Tuesday, December 16, 2008

Chinese 'classical poem' was brothel ad



Source: The Independent

A respected research institute wanted Chinese classical texts to adorn its journal, something beautiful and elegant, to illustrate a special report on China. Instead, it got a racy flyer extolling the lusty details of stripping housewives in a brothel.


Chinese characters look dramatic and beautiful, and have a powerful visual impact, but make sure you get the meaning of the characters straight before jumping right in.

There were red faces on the editorial board of one of Germany's top scientific institutions, the Max Planck Institute, after it ran the text of a handbill for a Macau strip club on the front page of its latest journal. Editors had hoped to find an elegant Chinese poem to grace the cover of a special issue, focusing on China, of the MaxPlanckForschung journal, but instead of poetry they ran a text effectively proclaiming "Hot Housewives in action!" on the front of the third-quarter edition. Their "enchanting and coquettish performance" was highly recommended.

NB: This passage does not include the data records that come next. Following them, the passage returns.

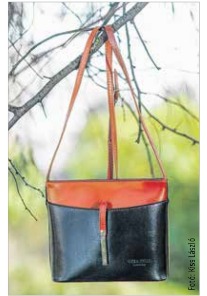
A klasszikus eleganciával nem lehet mellőzni

Nadrágban is nagy a választék, annak ellenére, hogy a nyáron egyre népszerűbb nadrágszoknyákat az őszi kollekció már nem tartalmazza. Van viszont helyette kövekkel díszített, alakkövető nadrág. Továbbra is hódít az egyenes szárú, és visszatérő divat lett a kissé bővülő trapézszárú nadrág. Jó hír, hogy ma már nemcsak szezon végi, de szezon eleji akciók is vannak, így aki kedvet kapott a vásárláshoz, nézzen körül az akciókat kínáló boltokban!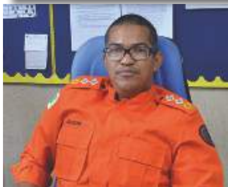
Subcomandante do CMDP II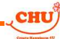
入居までの流れの説明ページ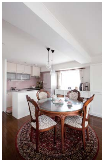
キッチンとダイニングテーブルの間のカウンターもオリジナル。下は収納になっている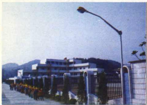
● 全村已有 83% 的村小建造了新校舍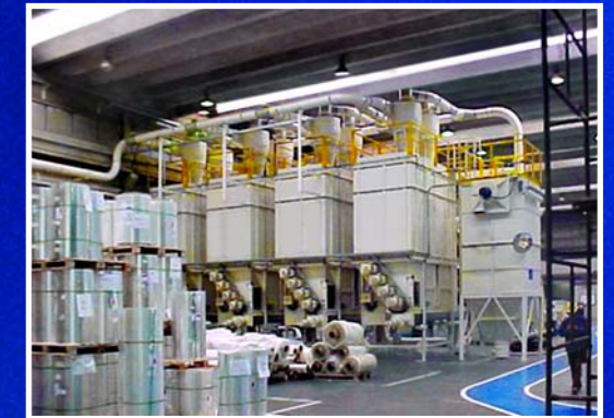
Foliensilos Baureihe FS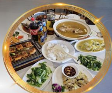
โต๊ะจีนลงชิง เมบูตันตำรับ รสจัดจ้านแท้ๆ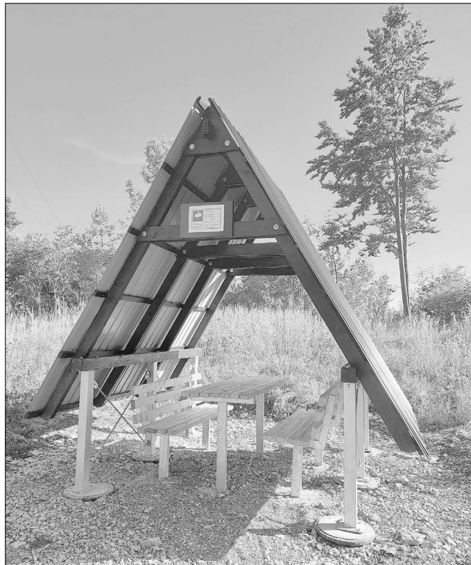
Sitzgruppe am Marterstein Ehnes

Übrigens, in den letzten Wochen wurde neben den erwähnten Sitzgruppen in der letzten Amtsblattausgabe auch am Marterstein in Ehnes eine neue Sitzgruppe von der Naturparkmeisterei aufgestellt. Der Kultur- und Heimatverein hat diese zusätzlich mit einem Dach ausgestattet und kümmert sich um die Pflege des Objektes.

This is unbelievable. There is a Chinese person in every city in the world I think.
Chinese people outnumber every other type of 'people' in the world. And this journal couldn't find ONE chinese person to proofread this?

Look around your office right now. Wherever you work, there is a person who can read Chinese no more than 20 metres from you.

4 comments:

Russ Nelson said...

Maybe they *did* get a Chinese-speaking person to review it, and that person had a sense of whimsey?

Anthony said...

I like the last comment in that article. "Another web-user wrote: "I recently met a German girl with a Chinese tattoo on her neck which in Chinese means 'prostitute'. I laughed so loud, I could hardly breathe.""

Anonymous said...

I saw this story and thought exactly the same thing as you did about finding people to proofread the Chinese... although I had a larger radius than 20 metres in not as multiculturally metropolis an area as some. I've done it before to share something in Chinese (I'm Vietnamese). Great job!

Degenerasian said...

Yeah it must be some joke. How would a non-Chinese person even find this poster to be begin with and even dare put something in a publication that he had no idea what it meant.

Just as I wouldn't publish a bunch of Egyptian hieroglyphics on this blog if I had no clue what it meant.